I’m glad this hasn’t caught on here yet. It’s curious how quickly such practices are adopted and how even one parish can infect surrounding parishes.


Basically, this is something that requires teaching from the clergy, and has to be nipped in the bud as it begins. At St. Andrew’s, the priest there, Fr. Alexei Smith, managed to stop it on one occasion, and forever thereafter, by speaking up as the applause was beginning. When the applause had stopped, and he had gotten the congregation’s attention, he said words to the effect of “Excuse me, but we are not the audience here; God is. Our applause is therefore inappropriate to the liturgy.”


Our last pastor frowned on this practice but never made a point of addressing it. Because he didn’t join in, the people in the pews eventually stopped.
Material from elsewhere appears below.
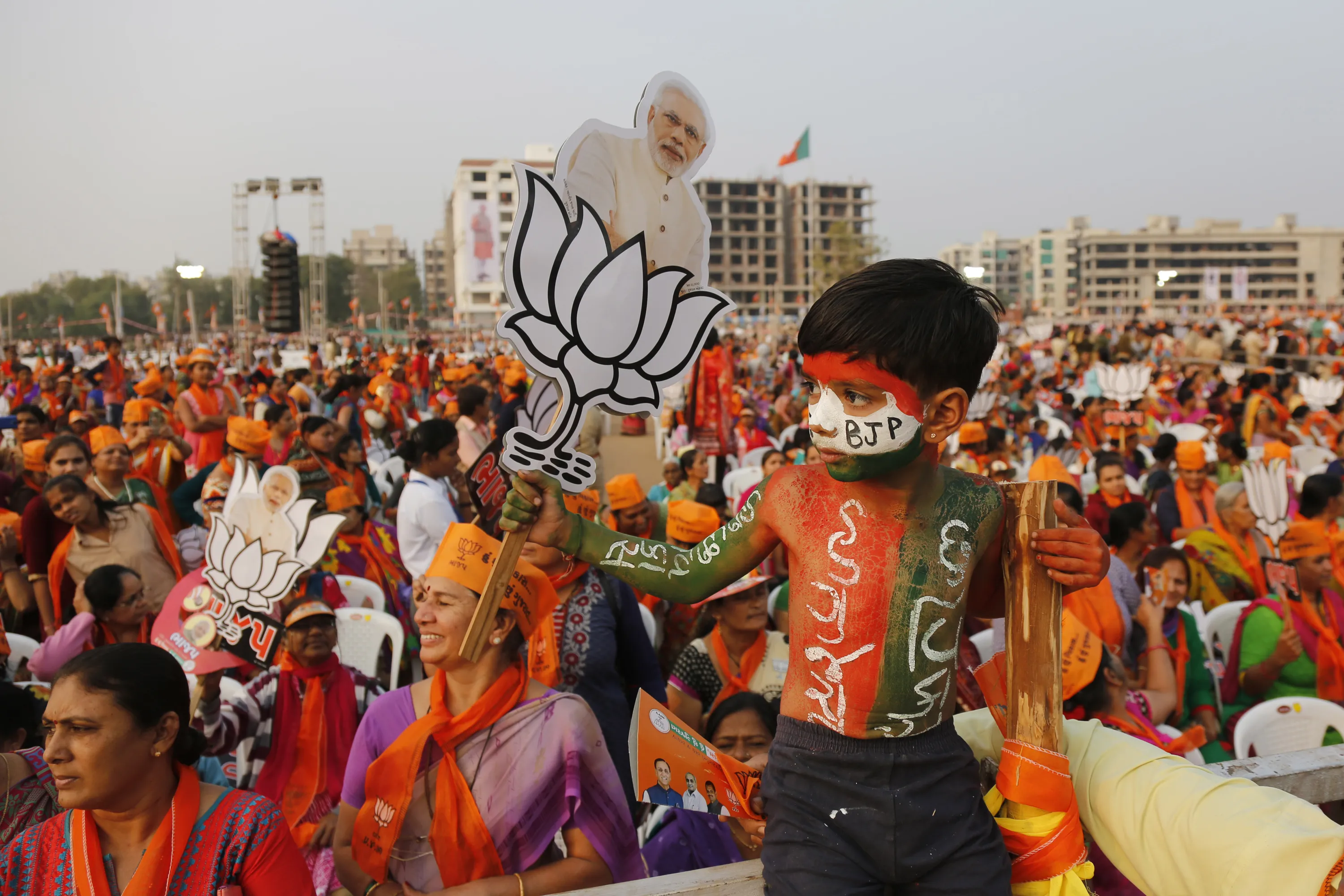 An Indian child with his body painted holds a cut out of Indian Prime Minister Narendra Modi with a symbol of the Bharatiya Janata Party (BJP) during an election campaign rally in Ahmadabad, India, Friday, December 8, 2017. Modi is on a two-day visit to Gujarat to campaign for the BJP in the Gujarat state assembly election which will be held on Dec. 9 and Dec. 14. Gujarati on the boy's body reads, “I am Gujarat – I am development”. (Photo by Ajit Solanki/AP Photo)
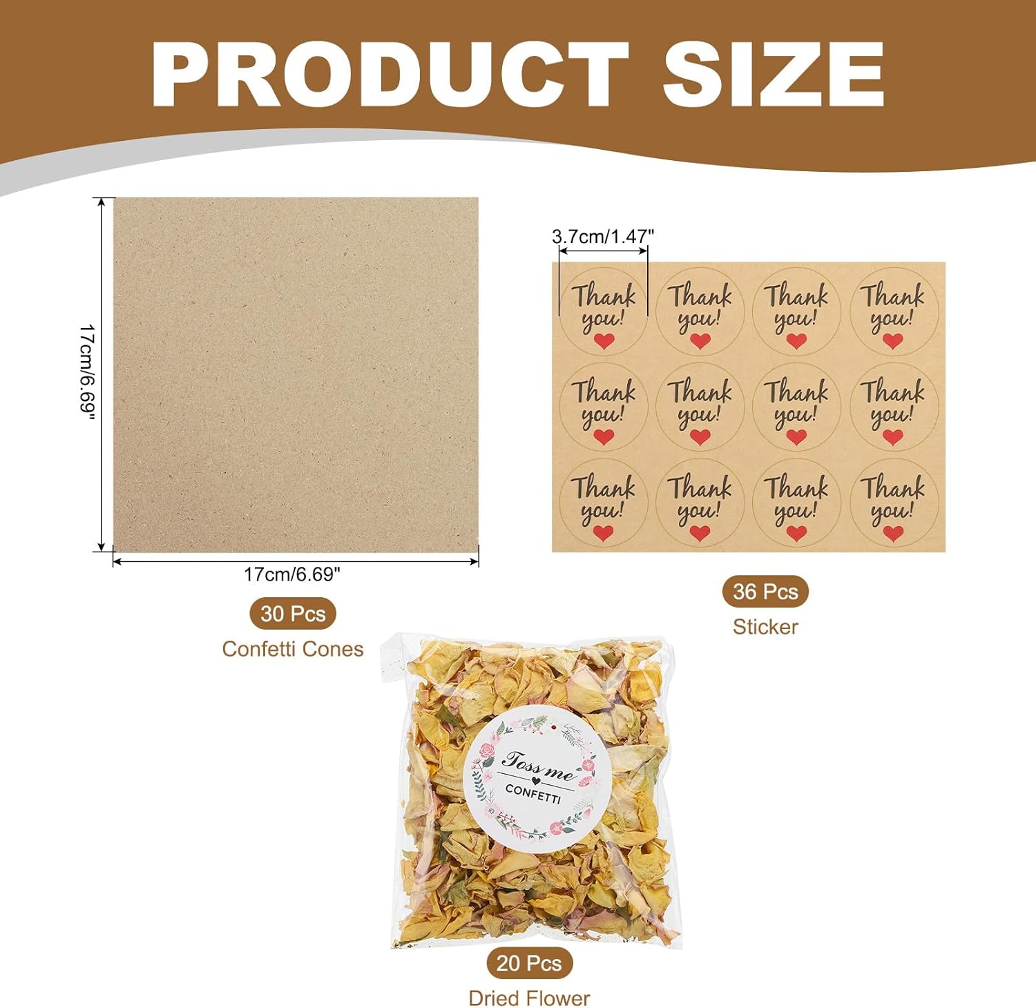 - Material: Paper; Color: Light Yellow/Pink; Paper Cone Size: 17 x 17 cm / 6.69 x 6.69 inch (LxW); Sticker Diameter: 3.7 cm / 1.47 inch; Dried Flower Weight: 160 g / 3.4 qt / 5.75 oz; Package List: 30 Pcs x Confetti Cones, 20 Pcs x Dried Flower, 36 Pcs x Sticker

However, our current pastor encourages it and participates in it. I can’t tell you how chagrined I was when I finished singing Adore and Be Still by Gounod (yes, it’s old-fashioned and POD, but it deals non-heretically with the Real Presence), and the people started to applaud.


Years ago I had a member of my choir whose family would start applauding at the end of Mass when the song finished (although by then most of the people were either gone or heading out the door because I don’t cut them short) and I told her to have them stop. Lately, however, people routinely applaud fiery homilies and the conclusion of the song at the end of Mass, and they also sometimes applaud songs during the Mass. I turn my back.

I still get embarrassed when people come up after Mass to thank me for the music. I just say, “Thank you. I hope you are singing.” I wish more would sing rather than listen.


I vote halfway with Daniel; I certainly wish they’d my assemblies would do more singing–but they do sing better than most parishes where I’ve been. But there’s no reason to be embarassed when someone shows appreciation for your use of a God-given gift.

As far as applause goes, I certainly don’t cultivate or encourage it, but when it’s spontaneous, I prefer to think of it as the conservative, suburban equivalent of somebody shouting, “Amen!”